Паундс буквально смаковал каждое свое слово. «Ну что за жопа!» — подумал Босх. На этот раз Паундс молчал еще дольше. Когда молчание затянулось настолько, что стало уже нервировать обоих, он наконец вновь заговорил:
— Он нашел тело. Точно, как было сказано в записке. В полу. Зацементированное. Он нашел тело. Потому-то...
— Сколько оно там пролежало?
— Пока не знаю. Потому и звоню. Мне нужно, чтобы ты съездил туда во время обеденного перерыва и посмотрел: может, тебе удастся что-то раскопать. Ну, сам понимаешь: действительно ли это жертва Кукольника, или нас принялся дурачить еще какой-то чокнутый. Ты же в этом деле специалист. Смотайся туда, когда судья объявит перерыв. Встретимся на месте. А в суд вернешься как раз к началу слушаний.

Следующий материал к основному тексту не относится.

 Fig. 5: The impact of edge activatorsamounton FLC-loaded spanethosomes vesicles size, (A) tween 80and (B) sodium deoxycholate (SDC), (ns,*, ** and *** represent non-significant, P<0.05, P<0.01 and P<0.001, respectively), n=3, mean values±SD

Босх не мог выговорить ни слова. Он снова почувствовал потребность закурить. Он пытался хоть как-то разобраться в том, что услышал от Паундса. На сегодняшний день Кукольник — Норман Черч — был мертв вот уже четыре года. Ошибки тут быть не могло. Босх понял это еще той ночью, которая вымотала ему все кишки. Кукольником был именно Черч.
— Стало быть, записка просто появилась на столе в приемной?

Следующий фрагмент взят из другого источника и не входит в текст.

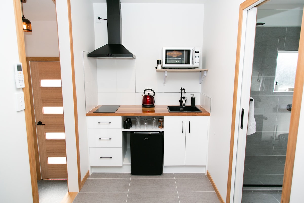Modern studio conversion. Private en-suite bathroom and kitchenette. Private Patio area. Perfect space to relax. Free off street parking. Separate from main house with own entrance. This is your own space and a great base from which to explore Christchurch. * 5 mins - Airport * 15 mins - Central City * Basic Breakfast included * Nespresso Coffee * Air Conditioning/ Heat Pump * TV with Netflix * Fast Wifi * 24 hour Lockbox * Multi-night discounts * Pet Friendly * Ecostore bathroom products

— Дежурный сержант нашел ее на конторке около четырех часов назад. Никто не заметил, кто ее оставил. Ты знаешь, по утрам там толчется куча народа. Кроме того, в это время у нас меняются дежурные. Я велел Михэну поговорить с ними, но ни одна живая душа ничего особенного не заметила, пока не нашли записку.
— Черт! Прочти мне ее.
— Не могу. Она — в отделе научной экспертизы. Не думаю, что они там что-нибудь найдут, но надо выполнить все положенные процедуры. Я сделаю копию и привезу ее с собой на место преступления, о'кей?
Босх промолчал.
— Знаю, о чем ты думаешь, — сказал Паундс. — Но давай-ка придержим лошадей, покуда не разберемся, что к чему. Пока что не о чем волноваться. А вдруг всю эту херню заварила та адвокатша — Чэндлер? С нее станется! Это та еще штучка, что угодно сделает, чтобы повесить у себя в гостиной еще один скальп полицейского из нашего управления. Очень любит, когда про нее в газетах пишут.
— А что журналисты? Еще не пронюхали?
— Было несколько звонков с вопросами, что за тело там нашли. У них, наверное, в патологоанатомии какой-то стукач завелся. Но мы ничего не сказали. И в любом случае никто ничего не знает ни о записке, ни о том, что это как-то связано с Кукольником. Знают только, что нашли тело. А вообще, по-моему, забавно: тело нашли под полом бильярдной, сожженной во время беспорядков. Как бы то ни было, до поры до времени следует помалкивать, что это каким-то образом может быть связано с Кукольником. Если, конечно, тот, кто написал записку, не отправил точно такую же журналистам. В таком случае, мы узнаем о том еще до вечера.
2
Игра слов. «Паунд» по-английски — «фунт». Прибавив к фамилии Паундс слова «девяносто восемь», полицейские издеваются над своим коллегой, намекая на его тщедушное телосложение. 98 фунтов: примерно 48 килограммов.